++++ Dataset extract ++++

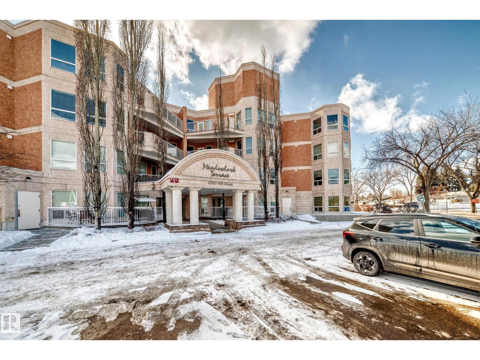 One of the largest units in the building, this bright and spacious condo in Meadowlark Park features 2 large bedrooms, 2 full bathrooms (including ensuite), and an open-concept layout filled with natural light. Enjoy the cozy fireplace and a huge private deck with great views. Includes in-suite laundry, 2 parking stalls (1 heated underground), and a storage unit. Minutes from West Edmonton Mall, downtown, and close to the new LRT line. Perfect for comfortable living or investment! (id:63190)
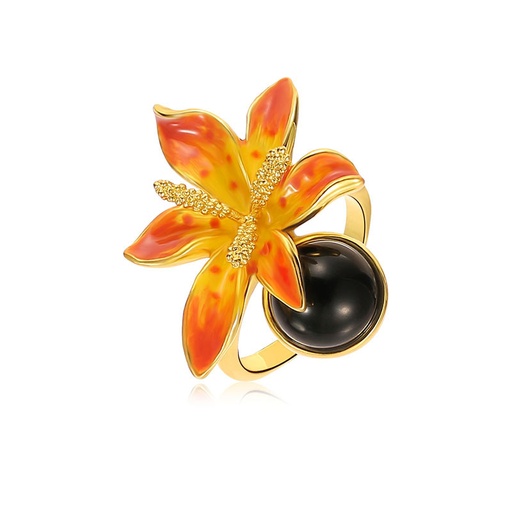 Orange Blossom Flower And Black Agate Enamel Adjustable Ring
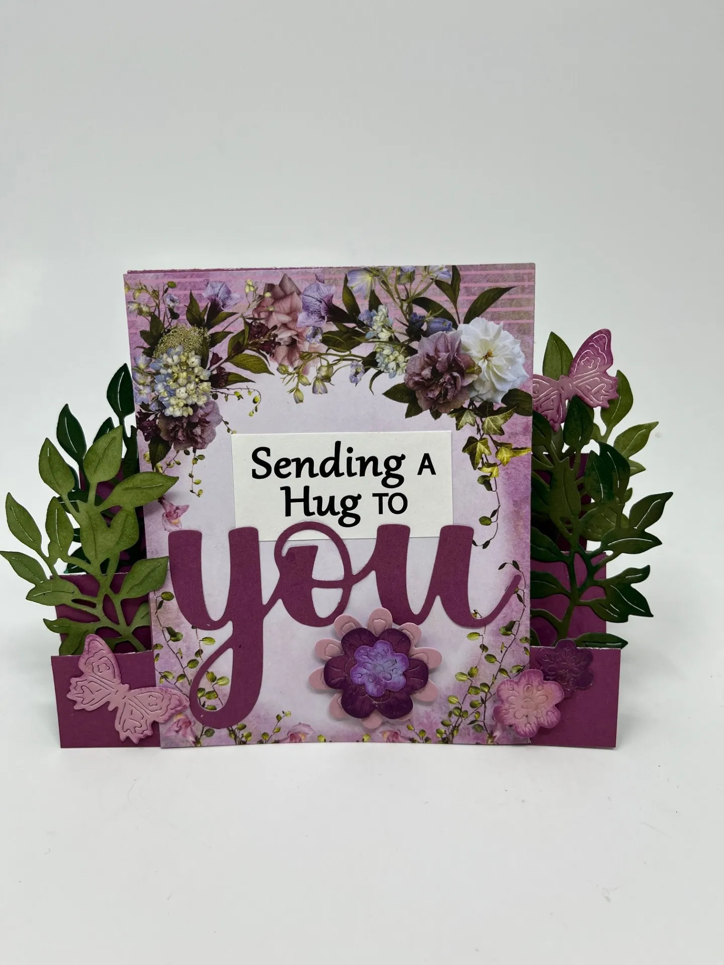 4. Use the script you with the purple Solid and run through the Gemini. Glue to the center of the card. Remove white “Sending a Hug to” and glue it tucked above the you. Foam tape the flowers at the bottom of the large cutout. Glue the leaf sprays to each step of the card. Glue a butterfly at the bottom left and top right.
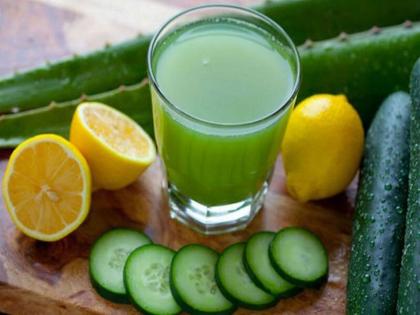 १) काकडीच्या ज्यूसमध्ये सोडियम नसतं आणि काकडी नैसर्गिक रुपाने डाययुरेटिक असते. यामुळे शरीरातील विषारी तत्व आणि फॅट सेल्स काकडी बाहेर काढते. सोबतच याने ब्लॉटिंग होण्यापासूनही बचाव होतो. जर तुम्हाला भूक लागली तर दोन काकड्या कापून खाव्यात. याने तुमची भूक शांत होईल. काकडीमध्ये पोटॅशिअम, व्हिटॅमिन सी, मॅग्नेशिअम आणि व्हिटॅमिन ए असतात. याने शरीराला पोषण मिळतं.
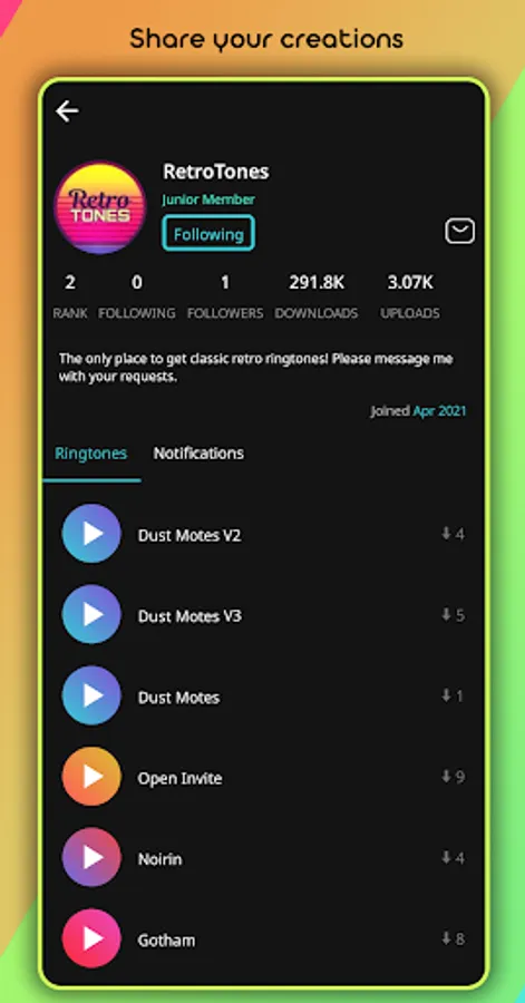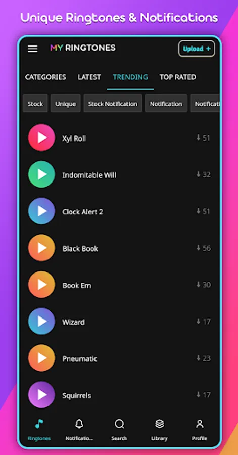 MY RINGTONES & NOTIFICATIONS brings you a vast collection of unique ringtones & notification sounds for your Android™ phone, completely free. Browse and download a variety of music ringtones and trending melodies, made by our talented Creators. Download, like, share and follow your favorite music and Artists.
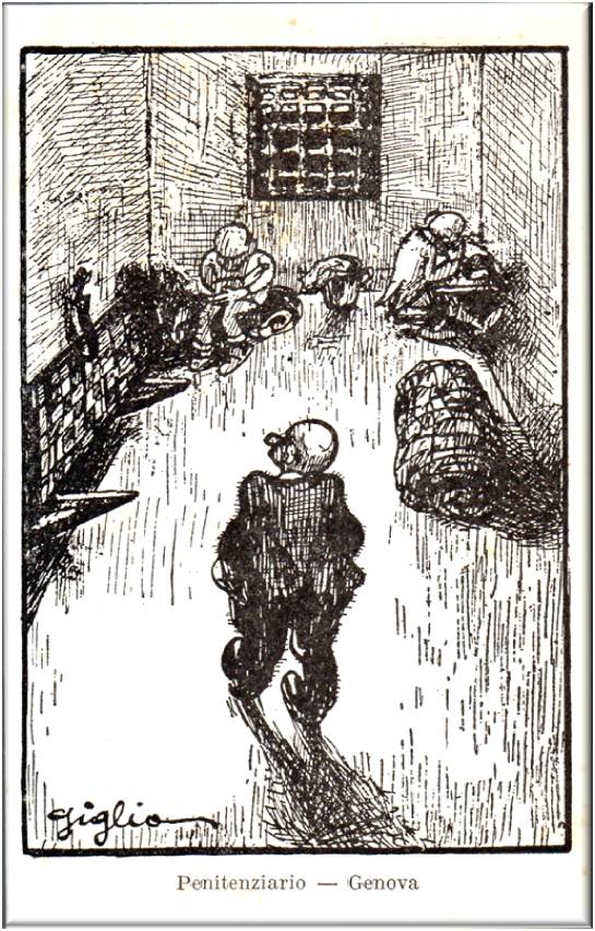 Nella cartolina è rappresentato il reparto del Pentenziario di Genova.
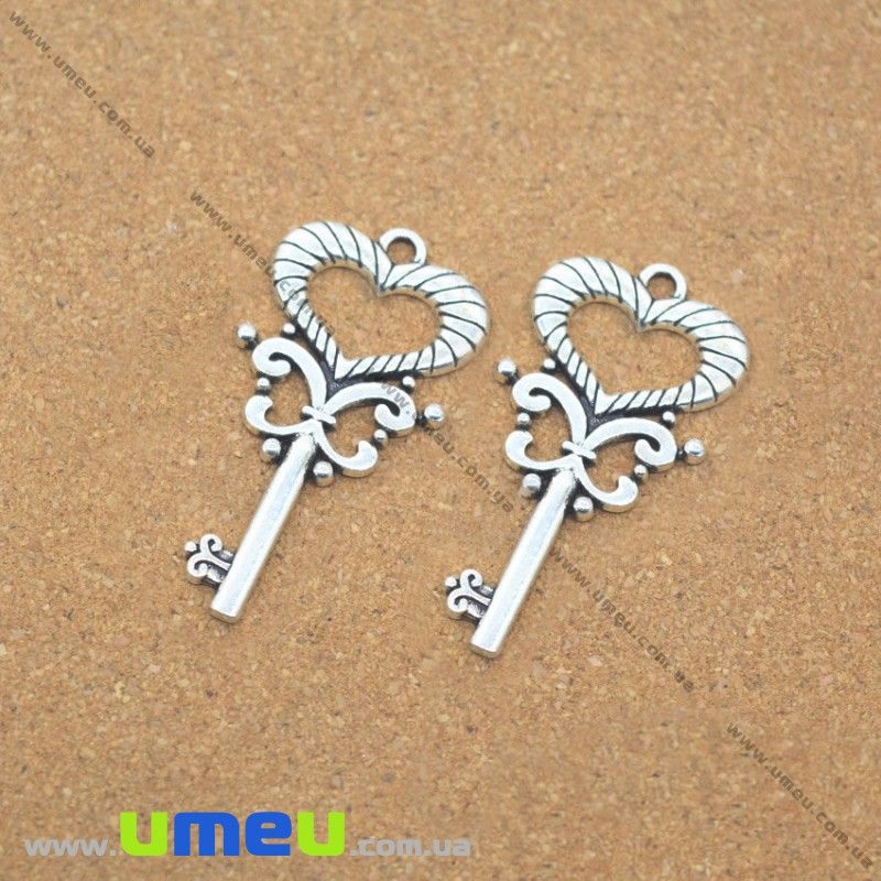 [Архів] Підвіска металева Ключик, Античне срібло, 39х20 мм (POD-028306) / 1 шт
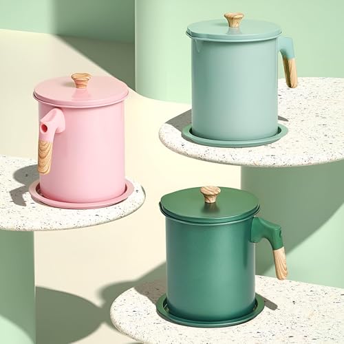 Generic - Canister - Practical canister with mesh strainer lid and spout, made for collecting bacon fat or frying oil, ensuring safe storage and easy pouring in the kitchen (3 piece of the color shown)
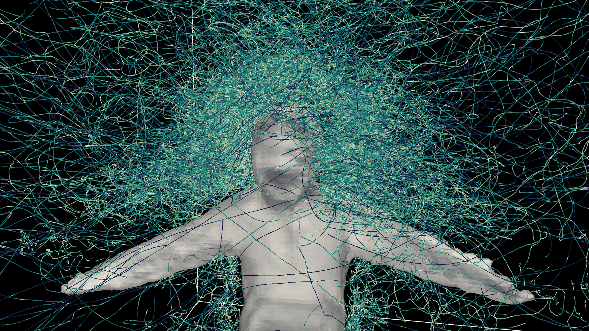 Enter Chris and his self-sacrifice in the mosquito room. By tracking the flight of many mosquitoes around him, we hoped to determine how they made decisions in response to his presence. Understanding how mosquitoes respond to humans is a first step to controlling them.
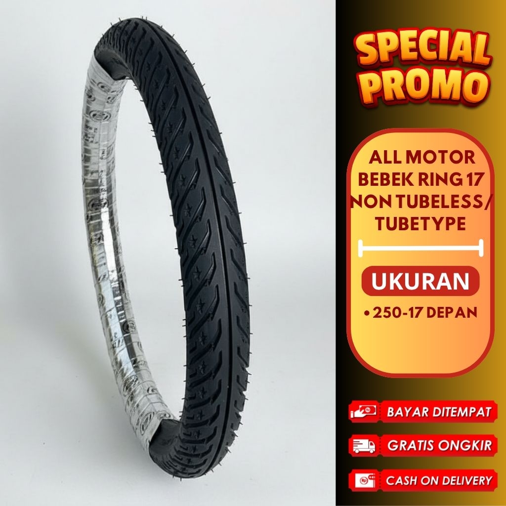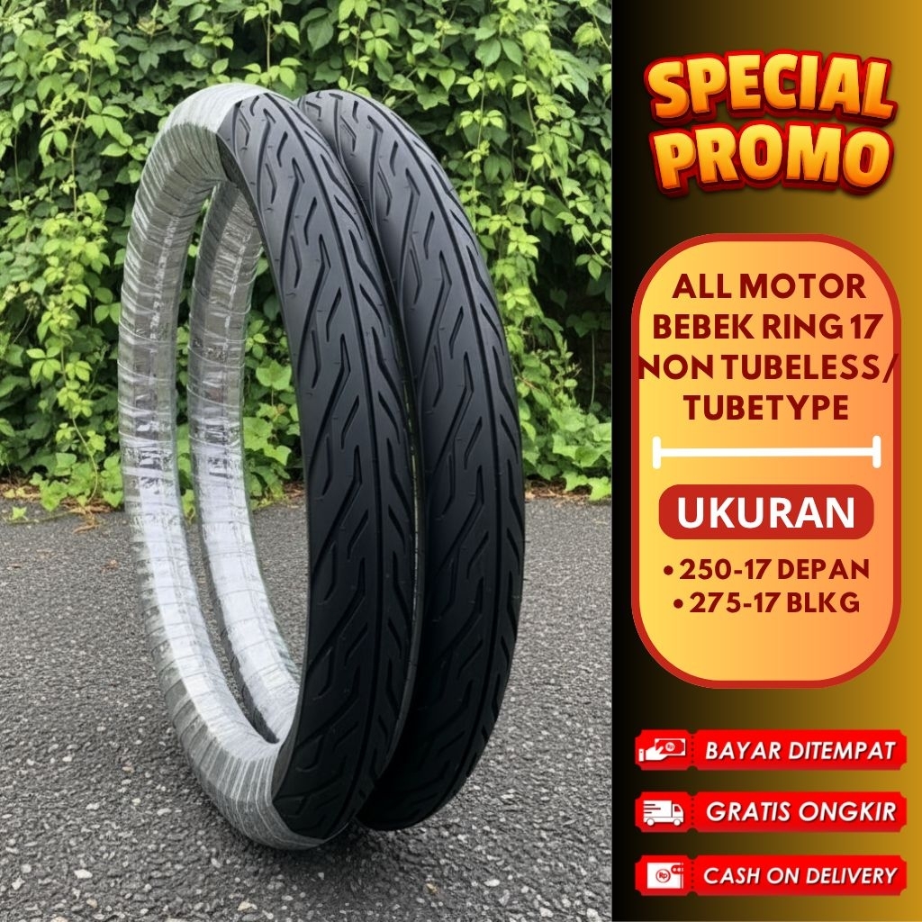Ban Motor Ring 17 Ukuran 225-17, 250-17, 275-17 & 300-17 Motor Bebek Supra Smash Jupiter Revo
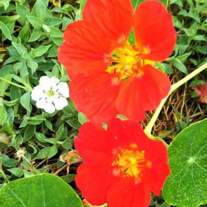7月18日土曜日 ☁️18℃ 今日は、寒い日です。 庭に、咲いていた、ナスタチウムさんです。 白いお✿の名前は、また忘れちゃいました(=^・・^=)🥰 (๑´ლ`๑)フフ♡♥ˎˊ˗ 🎀ᴗ͈ˬᴗ͈)⁾⁾
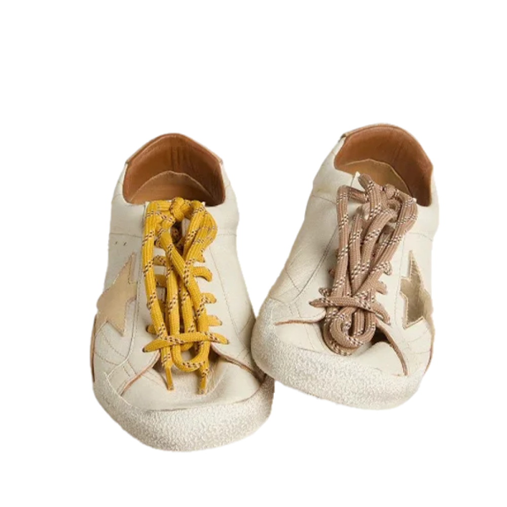 سنكرز جولدن جوس ترو ستار اوف وايت برباط ملون يجمع بين الكلاسيكية والأناقة العصرية بلمسات شبابية ملفتة.

++++

Could you repeat exactly the lines from the first one of the records above through the line containing "Orange Blossom Flower", leaving out any pictures?

Exercise solution:
 One of the largest units in the building, this bright and spacious condo in Meadowlark Park features 2 large bedrooms, 2 full bathrooms (including ensuite), and an open-concept layout filled with natural light. Enjoy the cozy fireplace and a huge private deck with great views. Includes in-suite laundry, 2 parking stalls (1 heated underground), and a storage unit. Minutes from West Edmonton Mall, downtown, and close to the new LRT line. Perfect for comfortable living or investment! (id:63190)
 Orange Blossom Flower And Black Agate Enamel Adjustable Ring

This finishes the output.